■ **TO DO**
Reproduced exactly, the lines from the start of the material through the line containing "武汉东湖磨山景区早樱绽放,游客漫步花间,尽享春日浪漫。 (湖北日报全媒记者 薛婷 摄)" should be the whole answer, with pictures excluded.

■ **SUPPLIED MATERIAL**
⟨
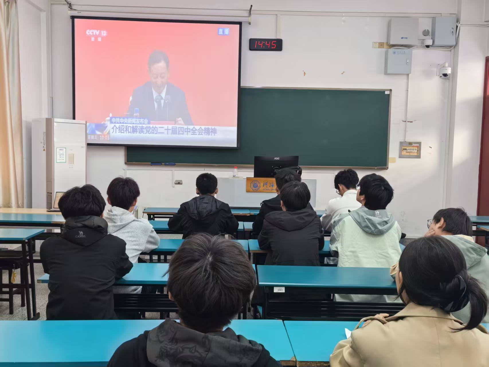 会议第二部分,组织学习党的二十届四中全会会议精神。主持人首先对全会基本信息作了介绍,指出我党凝聚同心,绘制未来蓝图,此次全会起到承上启下的重要作用,同时会议总结了推进中国式现代化的六个“坚持”。随后,全体同学观看了党的二十届四中全会相关视频,更加深入地了解了此次全会的重要意义和深远影响。
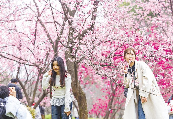 武汉东湖磨山景区早樱绽放,游客漫步花间,尽享春日浪漫。 (湖北日报全媒记者 薛婷 摄)
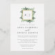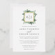 Notre faire-part de mariage en monogramme de serre présente vos initiales, monogramme ou duogramme en haut, niché dans une couronne carré de feuillage vert aquarelle, feuilles botaniques et de minuscules fleurs blanches sur un arrière - plan blanc croustillant avec garniture en feuille d'or. Un aperçu moderne de la tendance botanique pour les mariages d'hiver, les noces romantiques d'automne ou d'automne, ou les élégants mariages de soirée d'été.
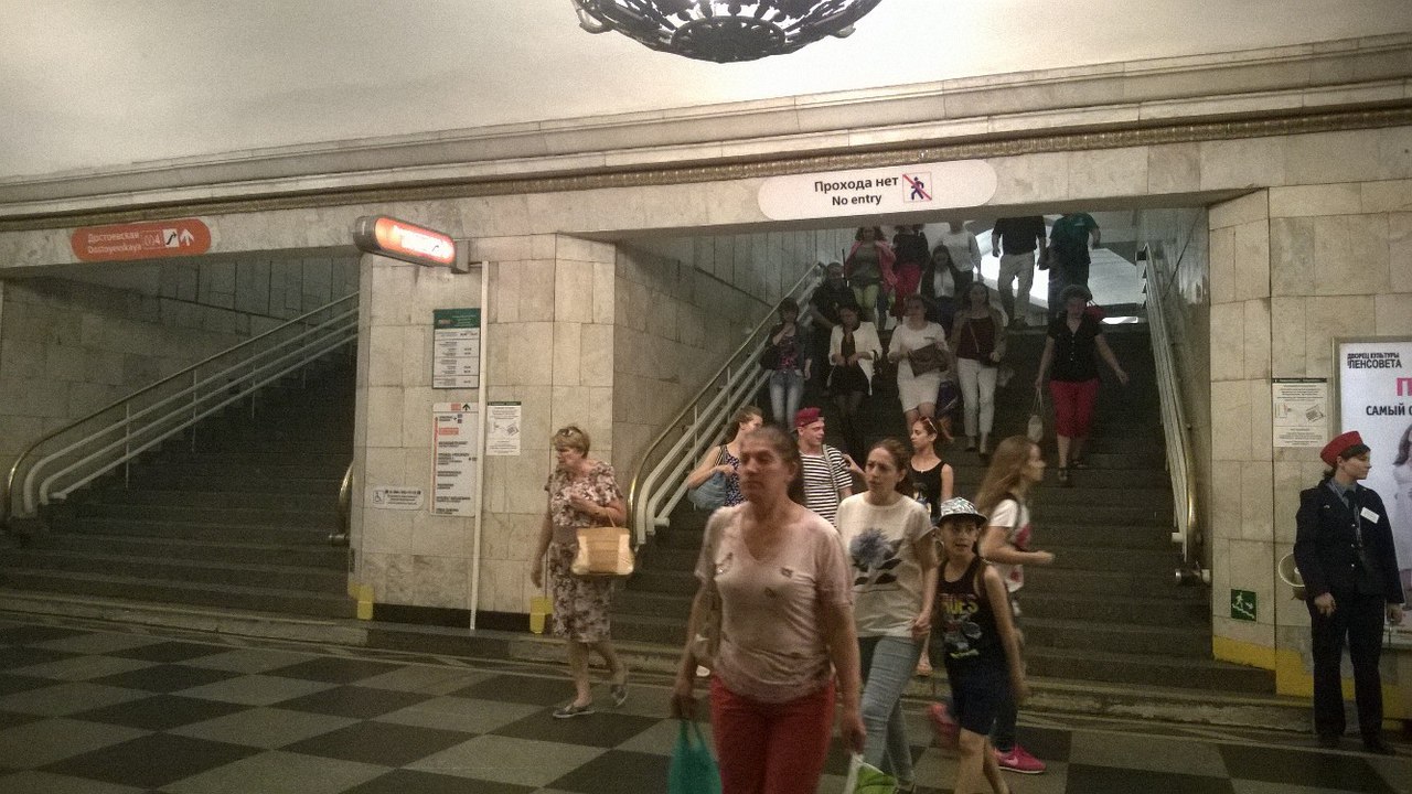 Проблема в том, что площадка перед переходом на Звенигородской заметно меньше, чем на Пушкинской или Владимирской. Ещё и со ступеньками
⟩
■ **ANSWER TO THE EXERCISE**
 会议第二部分,组织学习党的二十届四中全会会议精神。主持人首先对全会基本信息作了介绍,指出我党凝聚同心,绘制未来蓝图,此次全会起到承上启下的重要作用,同时会议总结了推进中国式现代化的六个“坚持”。随后,全体同学观看了党的二十届四中全会相关视频,更加深入地了解了此次全会的重要意义和深远影响。
 武汉东湖磨山景区早樱绽放,游客漫步花间,尽享春日浪漫。 (湖北日报全媒记者 薛婷 摄)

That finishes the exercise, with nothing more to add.